# are supersets good for building mass(hypertrophy)



## alan84 (Oct 27, 2010)

Hey Guys, just wondering which one is better for building mass(hypertrophy), working out in a super-sets mood, or just regular? I'm on a bulking cycle right now and want to get the best results out of it? when doing super-sets, I realized that I cant go as heavy as I can without super-sets. so just wondering?? any opinions?


----------



## cshea2 (Oct 28, 2010)

Yah, super-sets and drop sets are great for mass. Antagonist super-sets are great too. You could super set bench press with pullups, or maybe leg press with Glute ham raises. If you do tricep extentions than curls you will feel your entire arm fill up with blood, that's kind of cool.

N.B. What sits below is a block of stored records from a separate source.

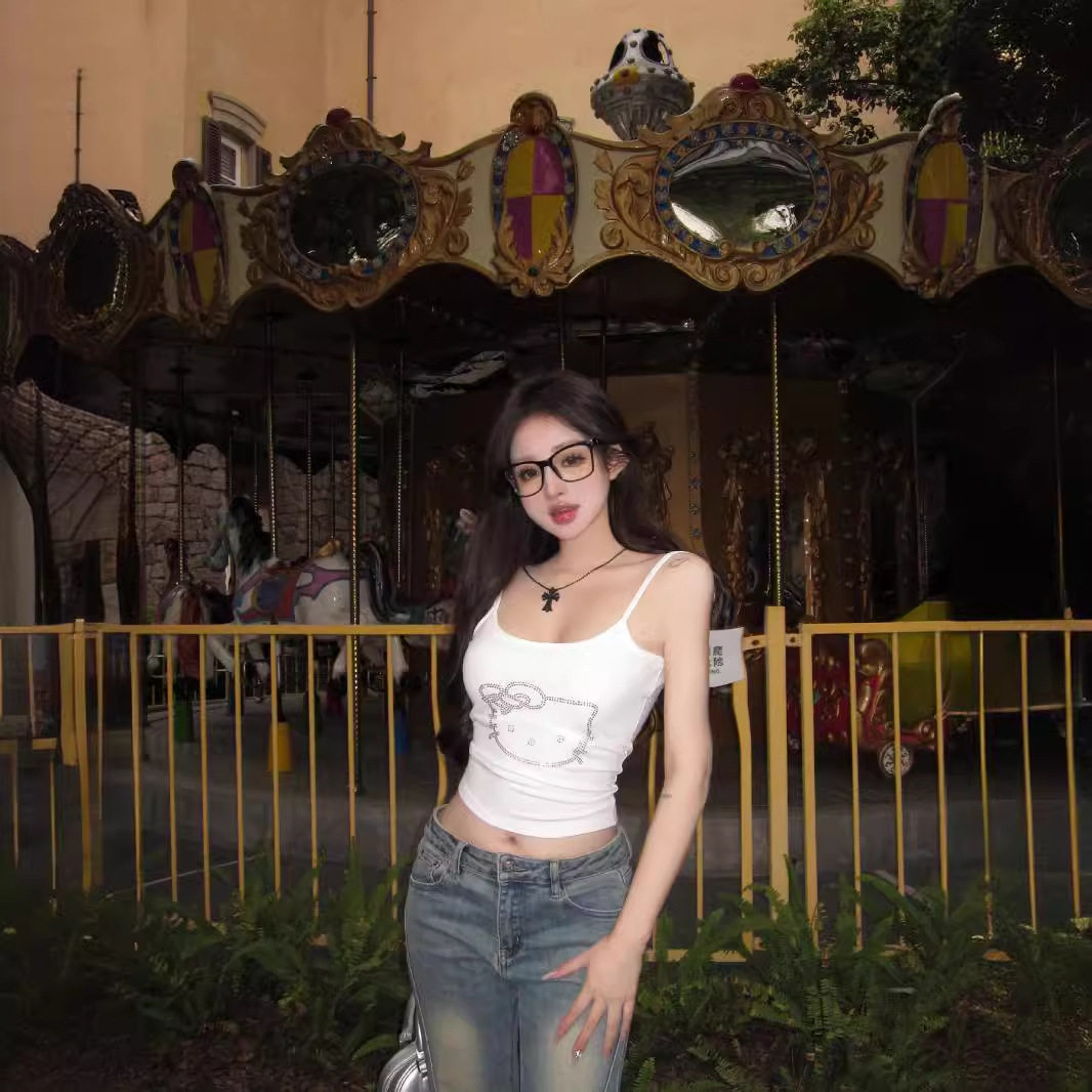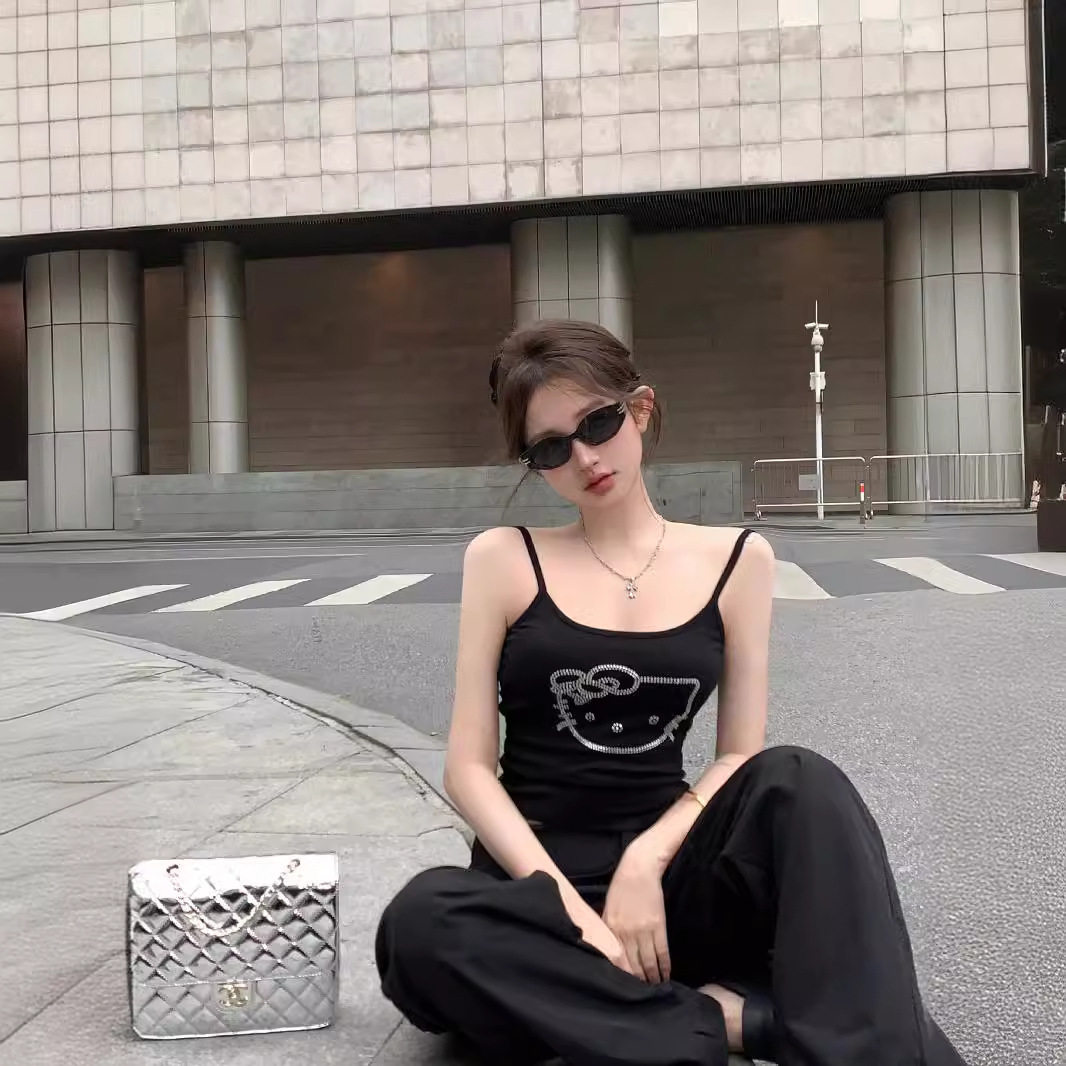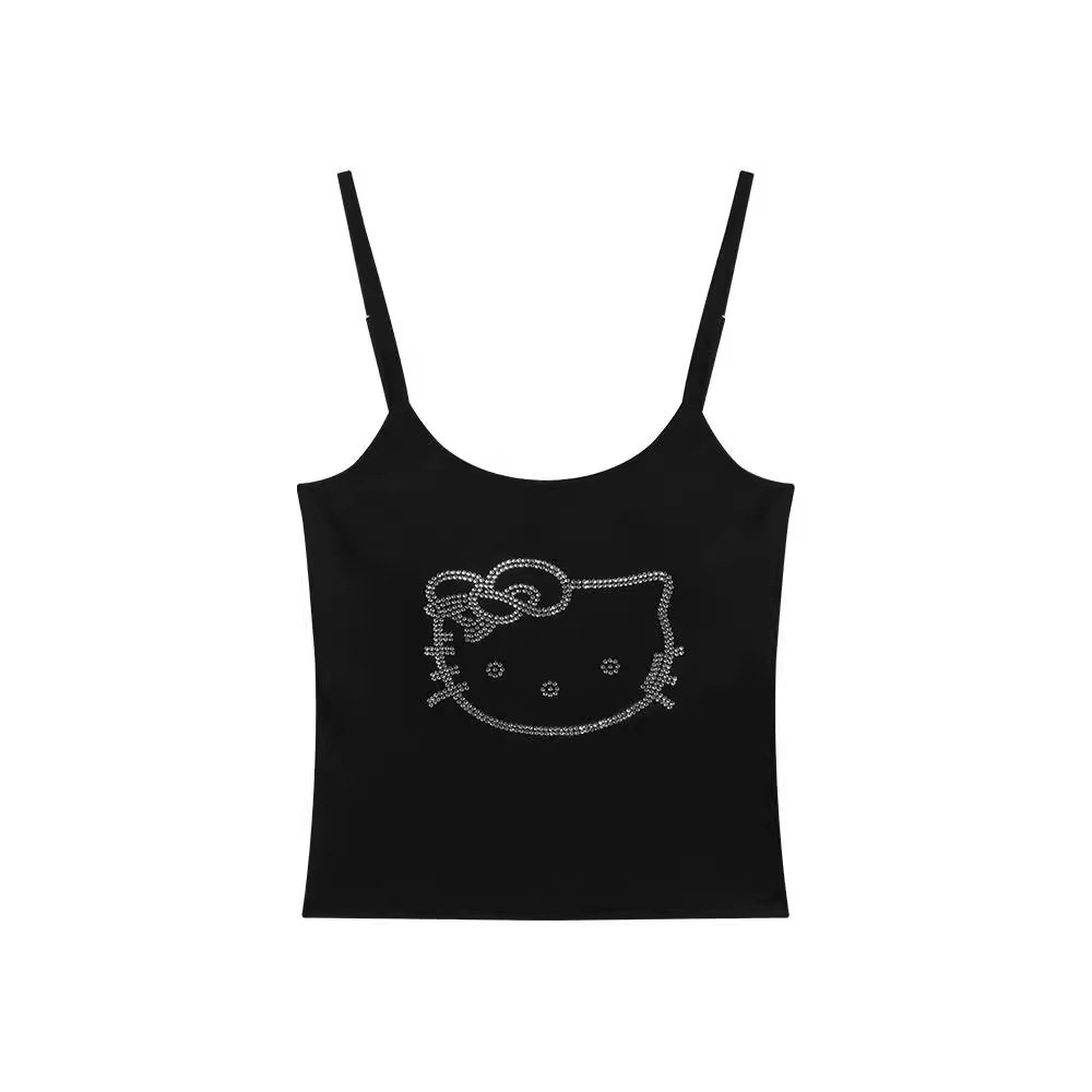 猫咪烫钻小吊带女夏季 无袖 背心甜酷辣妹修身 露脐上衣外穿 黑色短款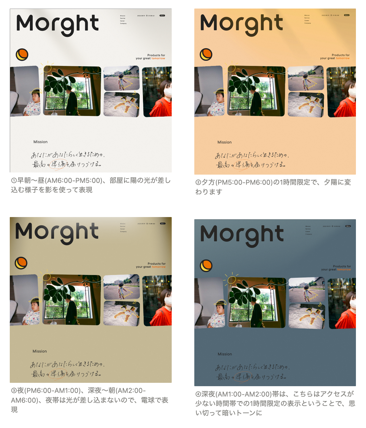 当社の想いと意志、戦略と事業、そして社員とカルチャーを感じていただけるようなサイトデザインを考え抜き、具現化いたしました。また、社名の意味(Morning to Night)を体現するために、アクセスする時間帯によって表情が変わるギミックを実装するなど、多面的に当社のカルチャーを感じて頂けるよう設計しております。当サイトを通して、今後さまざまな方々が当社に興味を持って頂ければと考えています。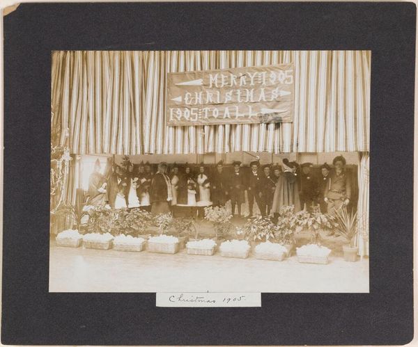 Curator: This photograph, taken by Woodhead Studio, is titled "Defectives, Epileptics: United States. Massachusetts. Palmer. State Hospital for Epileptics: Christmas 1905." The sepia tones immediately establish a somber mood despite the festive subject. Editor: The composition is stark, isn't it? The symmetry of the Christmas trees flanking the subjects, the high ceiling, and the banner create a somewhat unsettling environment, a space both celebratory and institutional. Curator: The photographer meticulously arranged the patients and staff. Notice how the light reflects off the white dresses, creating a focal point. It subtly directs the viewer's eye through the varied textures. Editor: But that's precisely my discomfort. The term "Defectives, Epileptics" as a label is jarring. It is a stark reminder of the dehumanizing language used historically to marginalize these individuals. Are we truly seeing individuals, or are they being presented as a collective, defined by their medical conditions? Curator: I concede that the title presents ethical concerns. But when viewing the image, I perceive a record of a social event, a formal grouping, carefully arranged. Its composition offers insight into the aesthetic preferences of the time. Editor: I see a complex image, one that reflects both the potential for human connection and the persistent shadow of social injustice and marginalization. Curator: I can appreciate your perspective now.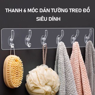 Móc treo quần áo, treo đồ đa năng dán tường trong suốt thanh 6 móc liền nhau siêu chắc.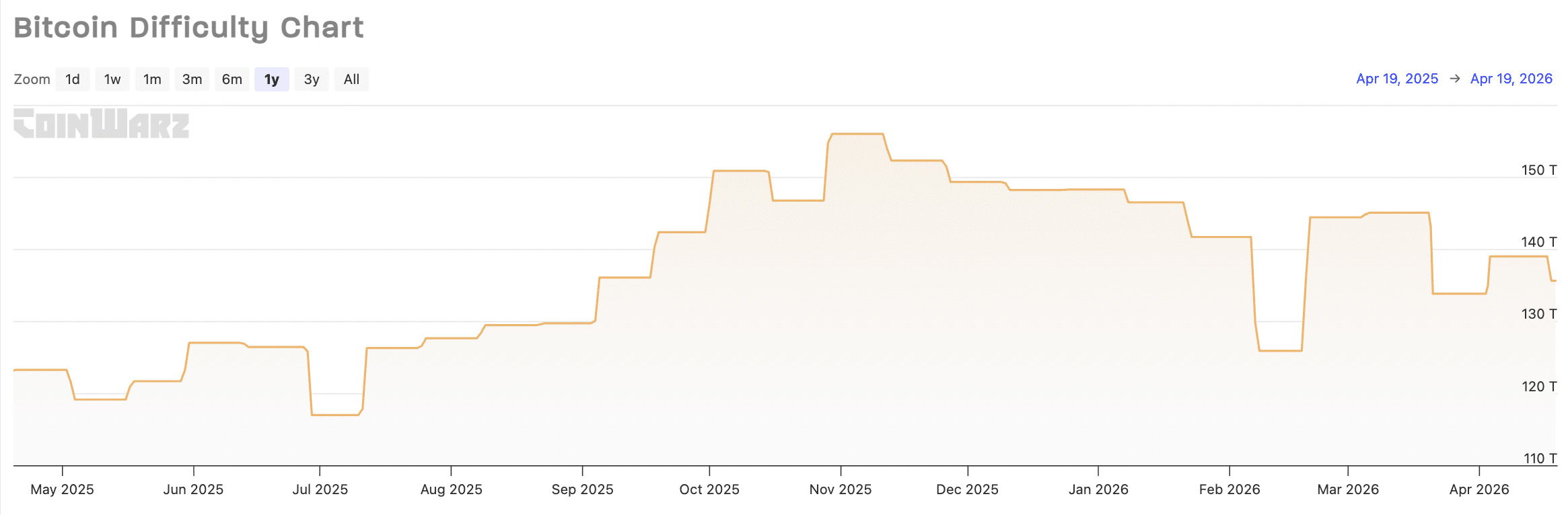 4 月 19 日,比特幣挖礦難度在過去 24 小時內下降 1.13% 後,降至 135.59 萬億。簡單來說,比特幣礦工需要比原始基準(2009 年設定為 1)多進行 135.59 萬億倍的工作量,才能找到一個區塊。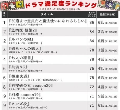 本剧连续两周登上日剧满意度排行榜第一位了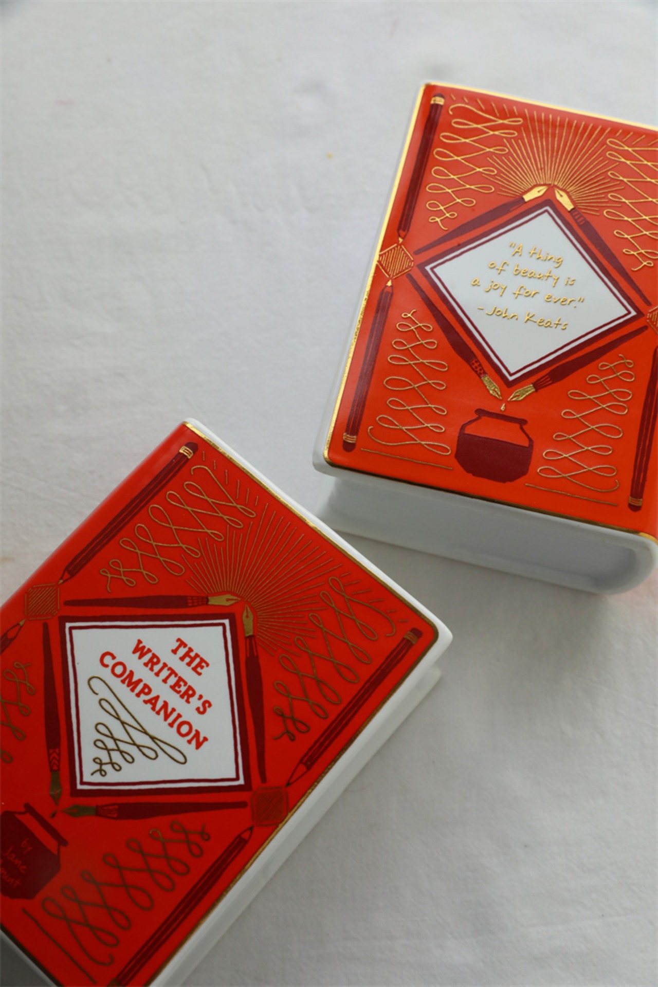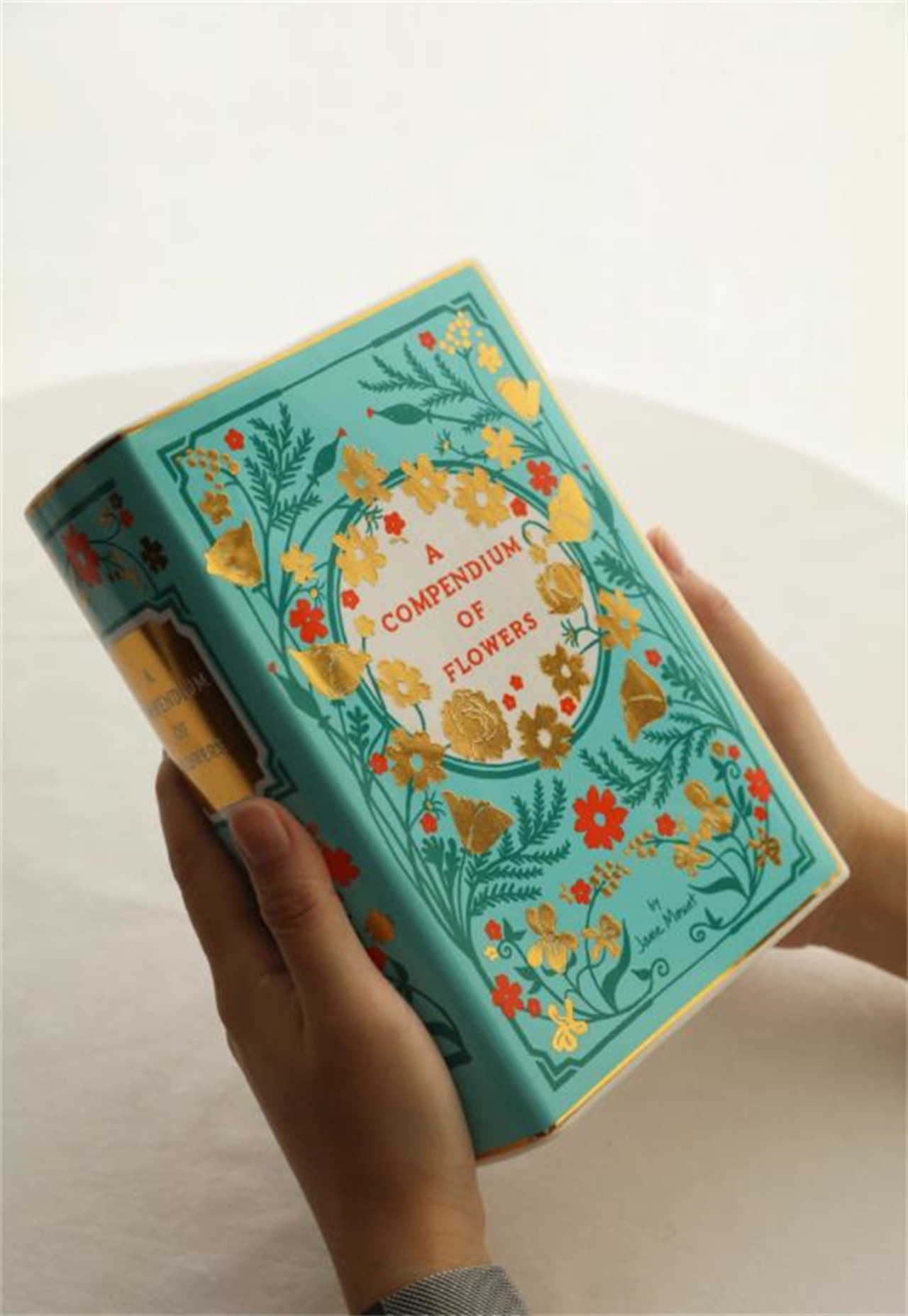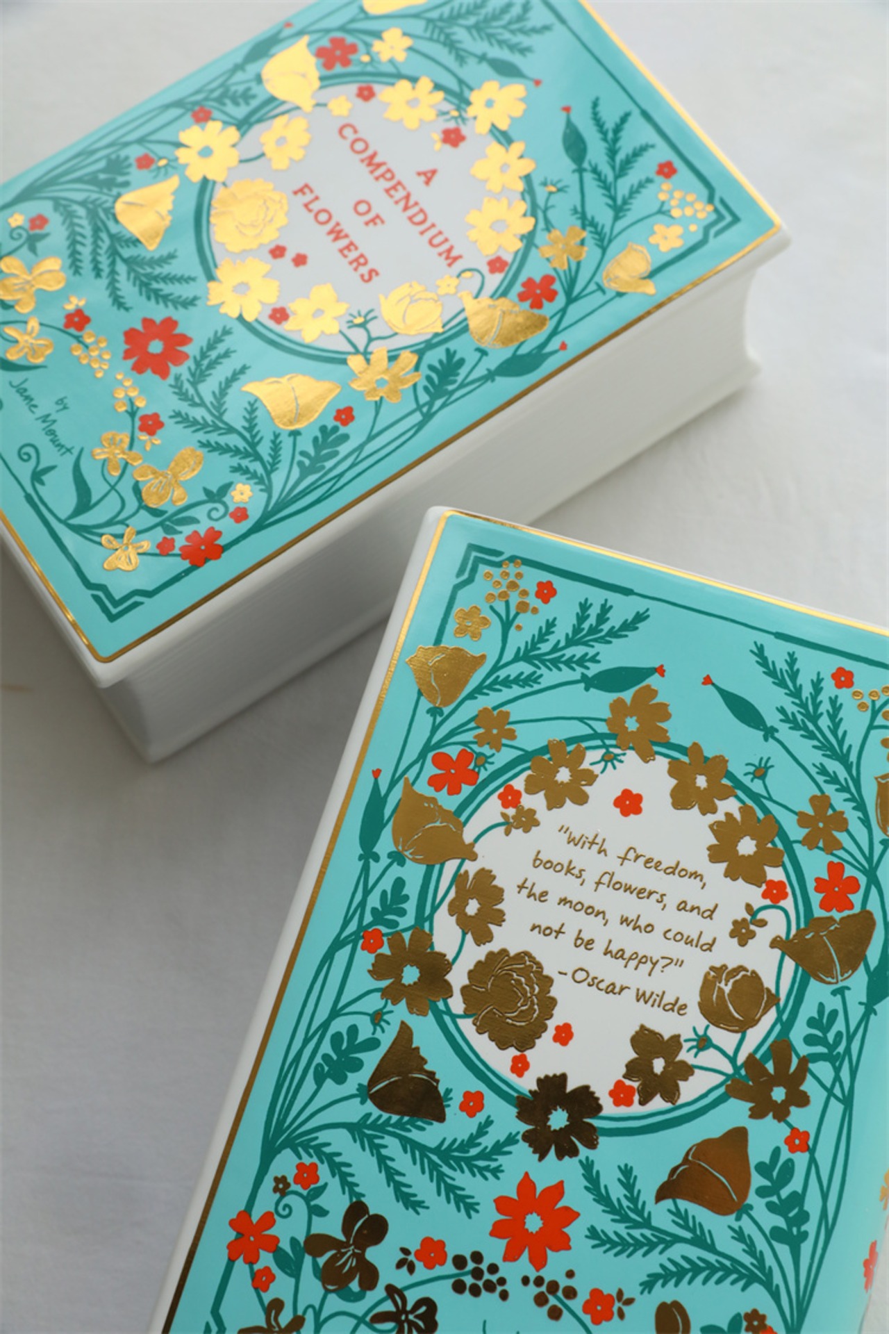 この「絵本テーマの両面デザイン陶器花瓶」は、繊細な金箔加工が施された本の形が上品な雰囲気を演出。

I don't know much about gear, but I think utilizing super sets and drop sets will allow you to get the most out of your cycle if your putting on mass. For strength gains they may not be the best way.


----------



## OTG85 (Oct 28, 2010)

Hell yea!!!! SS are the shit you will find you get pumped like no other when doing SS


----------



## Phineas (Oct 28, 2010)

Food is good for building mass.

Anything in the gym short of frying your CNS in the long run will yield gains, though results with vary of course.

If you enjoy supersets go for it. They're useful for finishing workouts faster. They're also a good way to provide new stimulus if you're not used to them.

Personally, I wouldn't superset any major compound lifts where form is easily broken by fatigue: deadlifts, sqauats, cleans, bent-over rows, pullups, military press, and bench. If it's a once in a while thing maybe, but I'd only superset accessory exercises. For instance, an example horizontal push/pull session using this principle:

Bench: 5 x 5
Bent-Over Rows: 5 x 5   -----------> superset these every 4 sessions

Bar Dips: 3 x 8 -- supersetted -- Supine Rows: 3 x 8

Incline DB Chest Press: 2-3 x 12 -- supersetted -- DB Bench Rows: 2-3 x 12

With bench, rows, military press, and pullups you could argue the form is simple enough to superset them, but definitely avoid supersetting squats, deadlifts, and cleans -- at least in my opinion. They're too technical to mix up with intentional fatigue. You need full focus and strength on those lifts.


----------



## alan84 (Oct 28, 2010)

Thanks for the feedback. I was concerned with my Arm workout. I did ss and regular, I got my arms pumped when doing ss, however I was not able to go as heavy as I can without ss. Thus why I was kinda confused between ss or just doing bicep first, then moving to tricep.


----------



## Phineas (Oct 29, 2010)

alan84 said:


> Thanks for the feedback. I was concerned with my Arm workout. I did ss and regular, I got my arms pumped when doing ss, however I was not able to go as heavy as I can without ss. Thus why I was kinda confused between ss or just doing bicep first, then moving to tricep.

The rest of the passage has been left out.